Python Memory Management and Tips Transcripts
Chapter: Allocating memory in Python
Lecture: Allocation in action
0:00 Let's do a little thought experiment. Imagine we have this one line of Python code,
0:03 which we know whole tons of stuff is happening down in the runtime.
0:07 But on the Python side, it's simple.
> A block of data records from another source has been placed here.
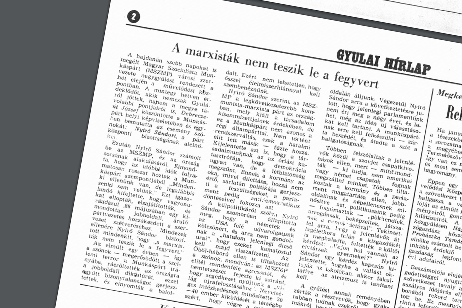 A hajdanán szebb napokat is megélt Magyar Szocialista Munkáspárt (MSZMP) városi szervezete nagygyűlést rendezett a hét elején a művelődési központban (…) Többen felszólaltak a jelenlévők közül a szovjet csapatkivonások ellen, mert – mint mondták – ki tudja, nem amerikai vagy német csapatok fognak megszállni minket (…) Tekintettel arra, hogy a jelenlévők átlagéletkora talán a kisgazdákét is meghaladta, feltették a költői kérdést: „Vajon hol vannak az elvtársak gyermekei?” Nyirő Sándor egy kérdés kapcsán kijelentette, hogyha a vallást oktatják az iskolában, akkor fakultatíve az ateizmust is tanítani kell (…)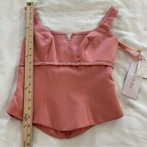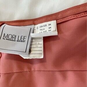 This is a melon color, maybe a soft burnt orange. The top has bead trim accents front and back. It completely zips apart and doesn’t fit the mannequin but wanted to show it.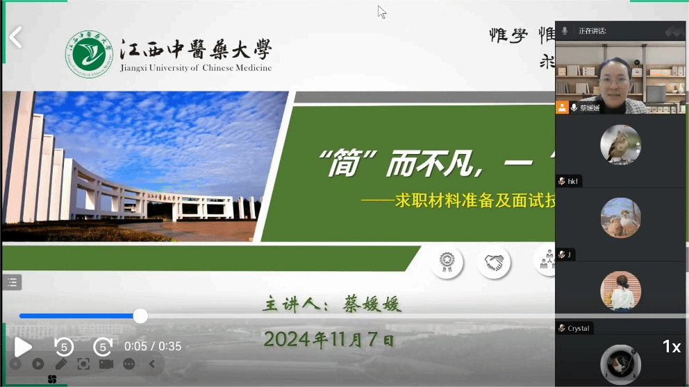 江中新闻网讯(通讯员 蒋艺涵) 11月7日晚,由创新创业学院、招生就业处主办,远志生涯咨询工作室承办的第3期“远志讲堂”在线上举办。本期活动由学校创业就业指导教研室主任蔡媛媛主讲,以《“简”而不凡,一“面”出彩》为题对学校2025届毕业生进行就业指导。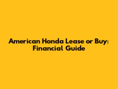 American Honda Lease Or Buy: Financial Guide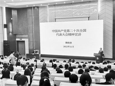 報告會上,魏曉奎從“黨的二十大主要成果、重大歷史意義”“全面深刻領會黨的二十大精神,堅定不移沿著習近平總書記指引方向繼續前進”“深入貫徹落實黨的二十大的部署要求,凝心聚力全面建設社會主義現代化江西”等三個方面,對黨的二十大精神進行了系統全面、生動精彩的解讀和闡釋。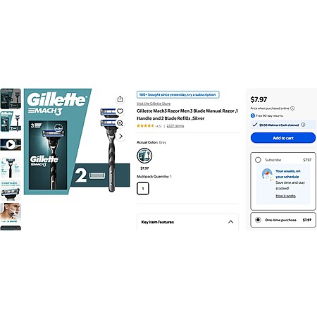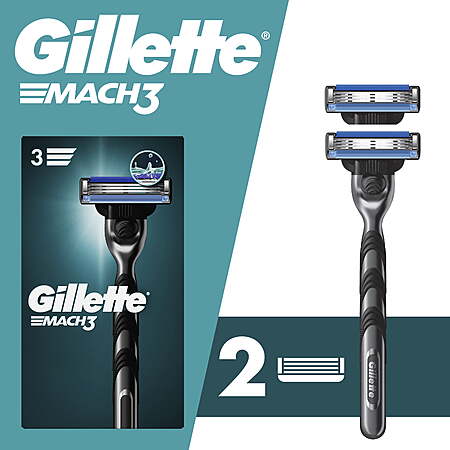 $3 WM Cash + Gillette Mach3 Razor Men 3 Blade Manual Razor ,1 Handle and 2 Blade Refills ,Silver $7.97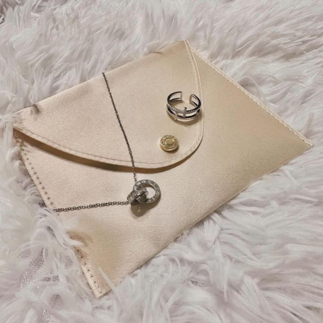 2本のラインが特徴的なリング。さりげないストーンの輝きが指先をスタイリッシュに引き立てます。付け心地が軽く、自然と指に馴染むリングです。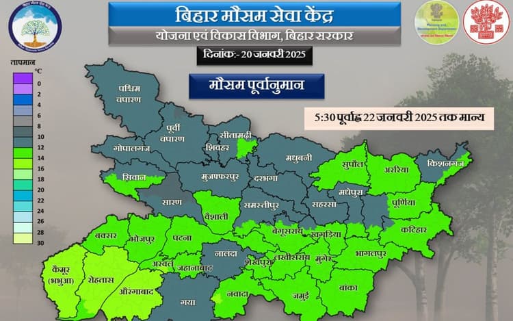 बिहार मौसम सेवा केंद्र के अनुसार, राज्य के दक्षिण-पश्चिम एवं दक्षिण-मध्य भागों में मध्यम से तेज गति की हवा चलने की स्थिति जारी रहने की संभावना है. अगले 24 घंटे में राज्य के उत्तरी भाग पश्चिम चंपारण, सीतामढ़ी, मधुबनी, सुपौल, अररिया, किशनगंज, मुजफ्फरपुर, वैशाली, सहरसा, दरभंगा, भागलपुर, खगड़िया, कटिहार और मुंगेर जिलों में सुबह और शाम की समय घना कोहरा छाए रहने की संभावना है. मौसम विभाग का कहना है कि मंगलवार को तापमान बढ़ने से ठंड में गिरावट आएगी, लेकिन पछिया हवा के कारण सुबह और शाम में कनकनी बनी रहेगी.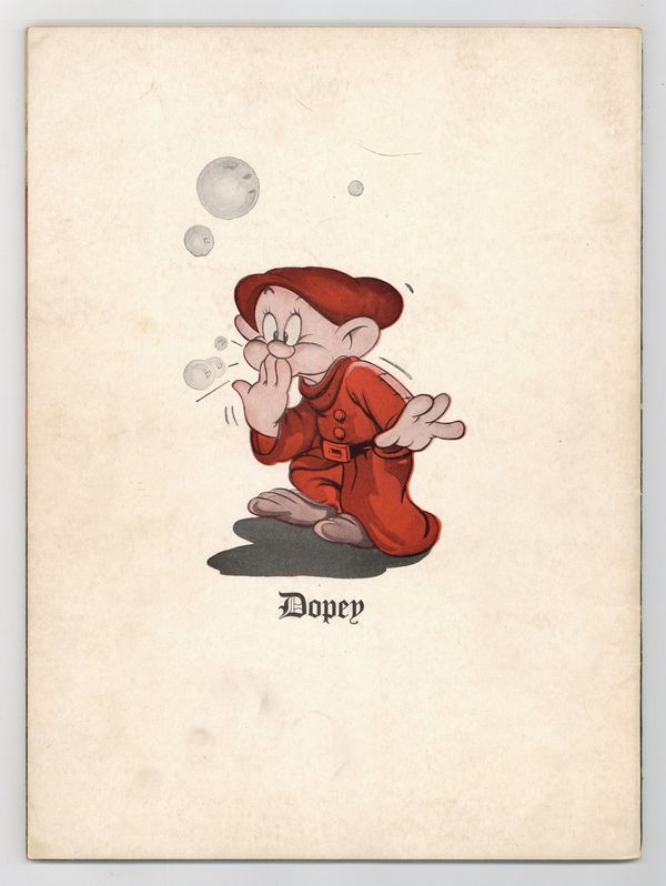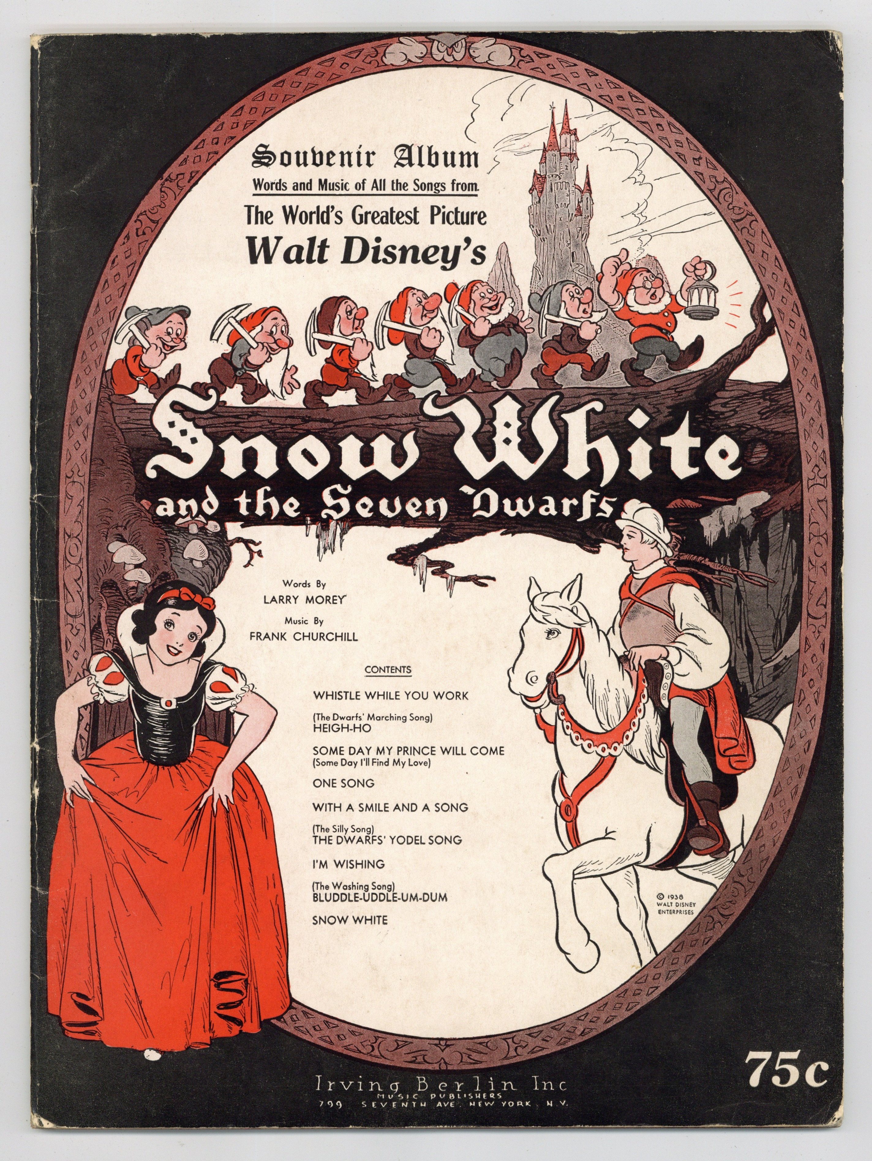 Published 1938 by Irving Berlin, Inc..$99.00Souvenir Album presenting Music and lyrics from Walt Disney's Snow White. Includes illustrations. Words by Larry Morey. Music by Frank Churchill. 8 3/4" X 11 7/8". 52 pages. Partial Color. Cover price $0.75.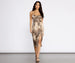You'll be the stylish leader of your trendy squad in this leopard print satin midi! Pair the dress with some sleek booties and layer on a faux leather jacket!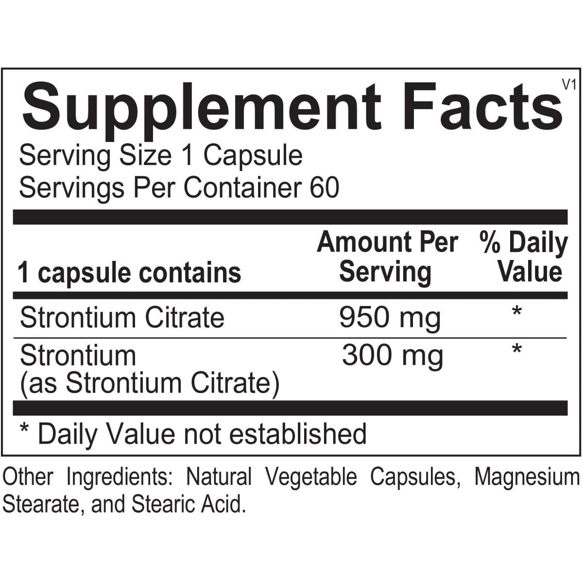 Each capsule is a commitment to quality, crafted with precision to deliver strontium of the highest purity. Whether you're looking to promote overall skeletal structure or simply maintain it, these capsules are your daily armor.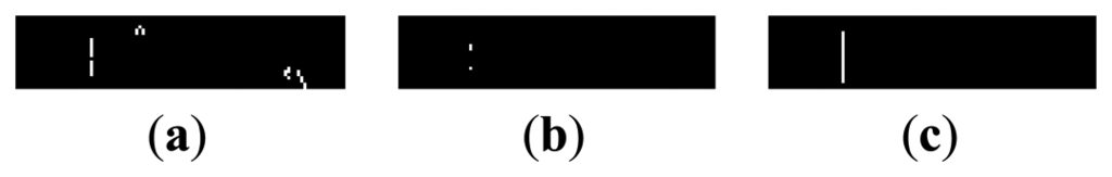 Mathematical morphology is established based on set theory, and can be applied to remove noise from the image. Basic morphology operation includes erosion and dilation. After binarization, defect area and noisy points are white with a pixel value of 255, while other points are black with a pixel value of 0. The traditional morphology template is shown in Figure 11, and 5 × 5 is used for example. The vacant point is the center of template and its value is 255. Only if all the 24 adjacent pixels have the same value as this pixel, then this pixel is set to 255. Otherwise, the pixel value is set to 0. Because defects on warp knitting machine are mostly linear, erosion with traditional n × n template might erase the defect area as well. Thus, we chose the 5 × 1 vertical template to remove the noise, as shown in Figure 12. Only if the top 2 and bottom 2 pixels are 255, then the vacant pixel is set to 255. According to the experiments, the 5 × 1 template performed well on removing noise. After removing noisy points by erosion, dilation is used to obtain the final defect area. After two dilating operations on eroded images, the discontinuous defect parts are connected, and the results are shown in Figure 13.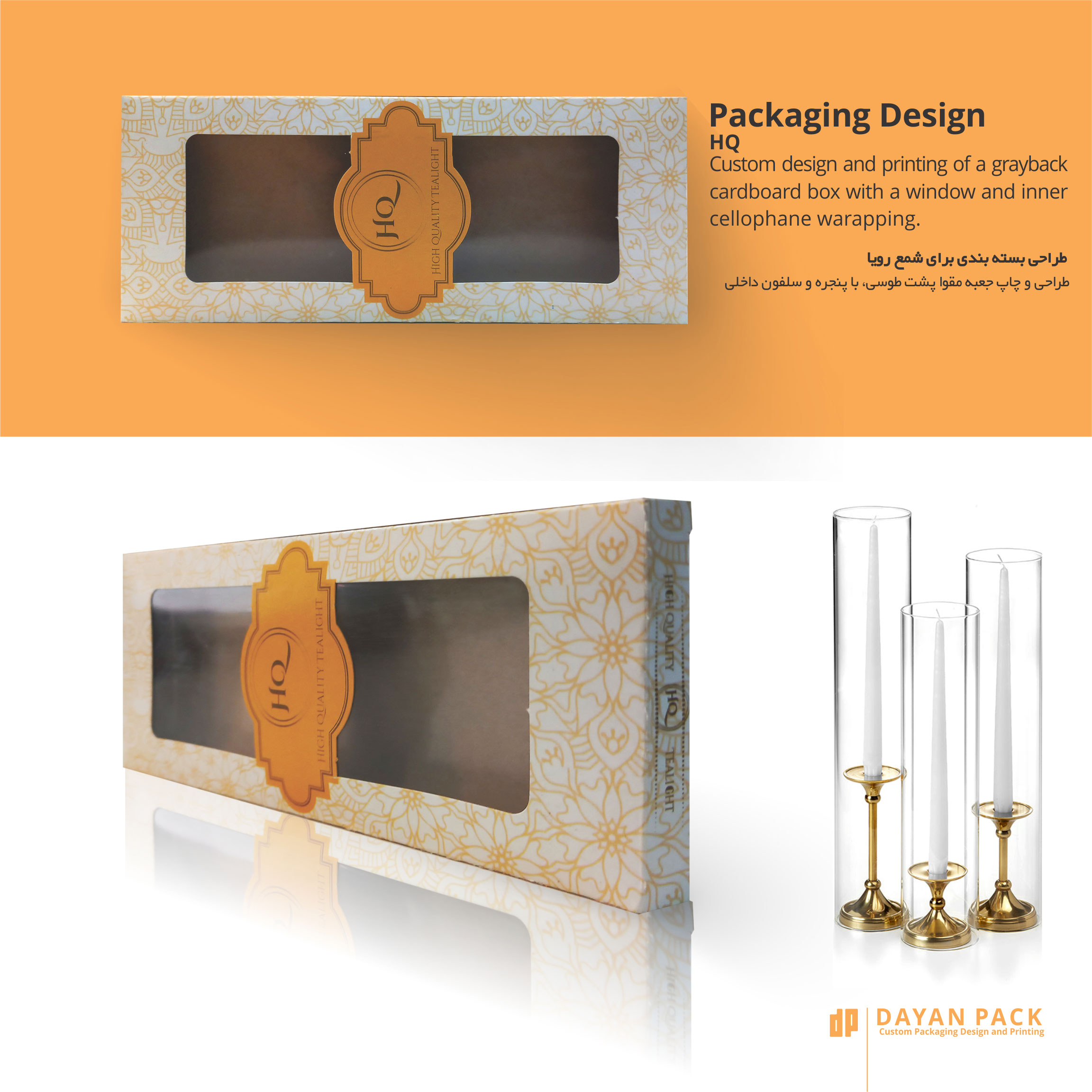 طراحی و چاپ جعبه شمع مقوا پشت طوسی، با پنجره و سلفون داخلی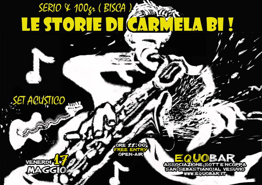 Arrivano in una veste acustica con la stessa energica grinta di sempre e la musicalità caratteristica del loro sound e uno spettacolo che percorre le nuove evoluzioni di chi è sulla scena musicale da circa vent’anni, mescolando sapientemente nuove produzioni e vecchi successi riarrangiati in una veste più intima e attraversando sperimentazioni e nuovi linguaggi musicali. Sergio “Serio” Maglietta & Elio “100grammi” Manzo portano in tour ‘Le Storie di CarmelaBi’ uno spettacolo acustico concepito come la forma più semplice di comunicazione possibile: una chitarra acustica, Elio 100gr è tra i più apprezzati chitarristi del panorama rock nazionale, il sax di Serio, “il sassofonista militante” italiano, e la voce di CarmelaBI a cantare ballate, raccontare e leggere storie.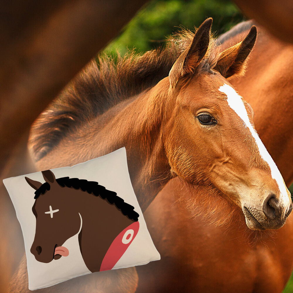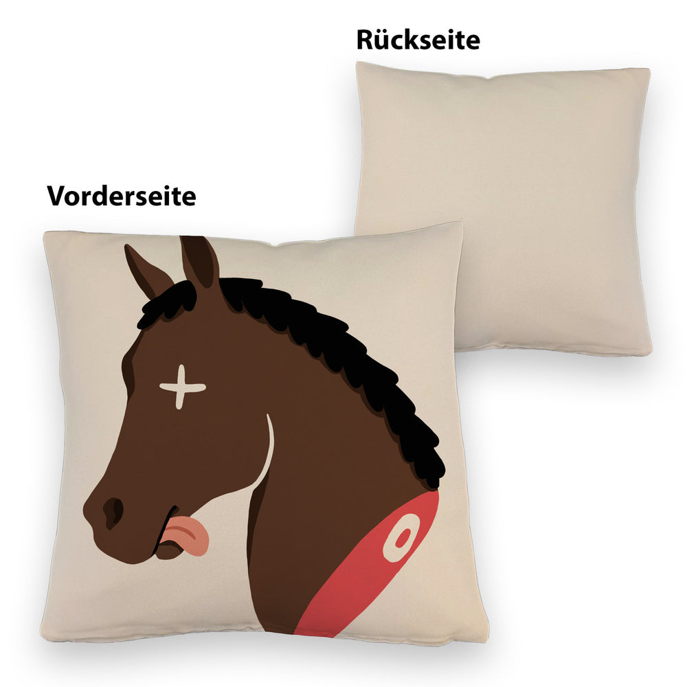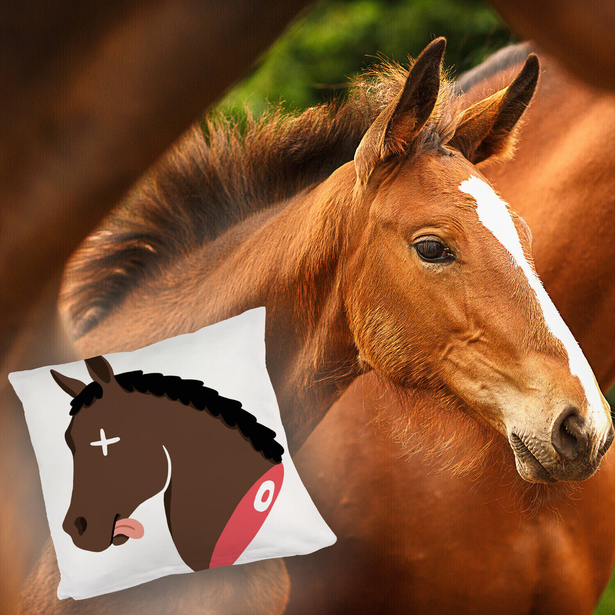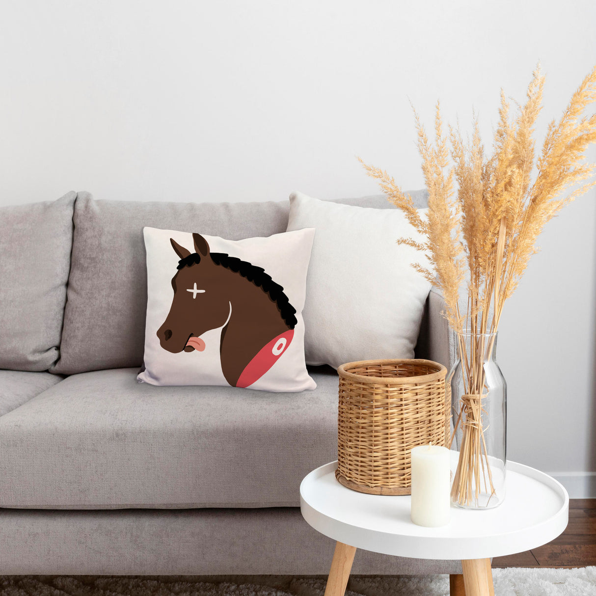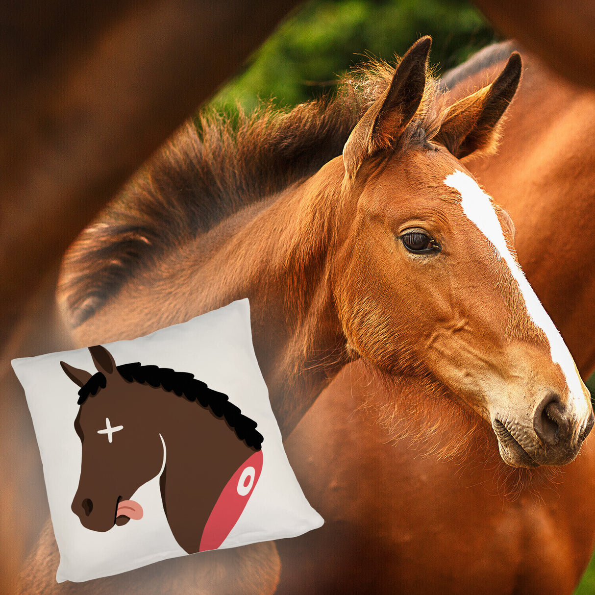 • Das lustige Kissen mit Pferdekopf Motiv ist ein echter Hingucker! Mit seinem Comic-Stil Pferdekopf-Design bringt es einen Hauch von Mafia-Film-Parodie in jedes Wohnzimmer. Ob auf dem Sofa oder dem Bett, dieses Dekokissen ist ein echtes Statement-Stück und perfekt für jeden, der ein bisschen Humor zu schätzen weiß.
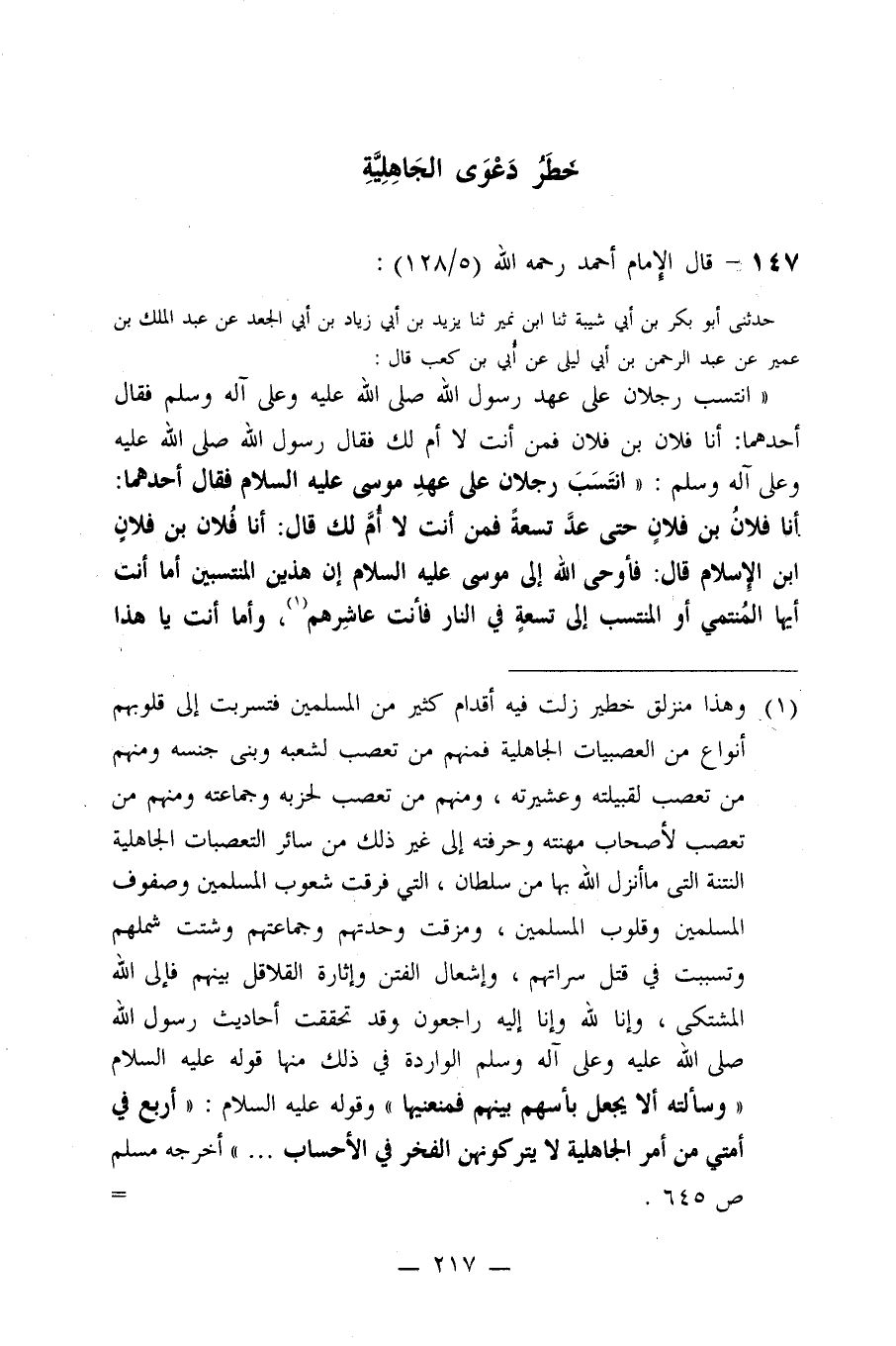 131 عَنْ أُبَيِّ بْنِ كَعْبٍ (قَالَ: انْتَسَبَ رَجُلَانِ عَلَى عَهْدِ رَسُولِ اللَّهِ صلى الله عليه وسلم فَقَالَ أَحَدُهُمَا: أَنَا فُلَانُ بْنُ فُلَانٍ فَمَنْ أَنْتَ لَا أُمَّ لَكَ، فَقَالَ رَسُولُ اللَّهِ صلى الله عليه وسلم: ((انْتَسَبَ رَجُلَانِ عَلَى عَهْدِ مُوسَى -عَلَيْهِ السَّلَام- فَقَالَ أَحَدُهُمَا: أَنَا فُلَانُ بْنُ فُلَانٍ حَتَّى عَدَّ تِسْعَةً فَمَنْ أَنْتَ لَا أُمَّ لَكَ، قَالَ: أَنَا فُلَانُ بْنُ فُلَانٍ ابْنُ الْإِسْلَامِ. قَالَ: فَأَوْحَى اللَّهُ إِلَى مُوسَى -عَلَيْهِ السَّلَام-: أَنَّ هَذَيْنِ الْمُنْتَسِبَيْنِ أَمَّا أَنْتَ أَيُّهَا الْمُنْتَمِي أَوْ الْمُنْتَسِبُ إِلَى تِسْعَةٍ فِي النَّارِ فَأَنْتَ عَاشِرُهُمْ، وَأَمَّا أَنْتَ يَا هَذَا

0:08 We have a person object. We want to create them, past some initial data over
0:12 to them, their name is Michael, and so on.
0:15 Now let's imagine that to accomplish this operation we need 78 bytes of RAM from the
0:23 operating system. What happens? How does that get into Python? Like,
0:28 what part of memory do we get?
0:30 How is it organized and so on?
0:32 So a very simplistic and naive way to think about this would be all right,
0:37 what we're gonna do is going to go down to the C-layer, and C-Layer
0:40 is going to use the underlying operating system mechanism for getting itself some memory.
0:46 It'll malloc it, right? So malloc is the C allocation side and then free, we would call
0:52 free on the pointer to make that memory go away,
0:54 Okay? So you might just think that the C runtime just goes to the
0:58 operating system and says "give me 78 bytes", and the operating system says "super,
1:03 we're gonna provide 78 bytes of virtual memory that we've allocated to that process",
1:09 which then, boom into that we put the thing that we need, some object
1:14 that has an id and the id wasn't explicitly set.
1:17 But, let's say it's generated.
1:18 The id is that in the name is Michael. Well,
1:23 that seems straightforward enough. I mean,
1:24 you have these layers, right?
1:26 Python is running and then Python is running actually implemented in C and C is running on top
1:31 of the operating system and the operating system is running on real RAM on top of hardware.
1:36 So this seems like a reasonable thought process.
1:39 But no, no, no. This is not what happens.
1:43 There's a whole lot more going on.
1:44 In fact, that's what this whole chapter is about,
1:46 is talking about what happens along these steps.
1:50 And it's not what we've described here.
1:53 Let's try again. So at
1:55 the base we, of course,
1:56 still have RAM. We have hardware.
1:58 That's where memory lives. We still have an operating system.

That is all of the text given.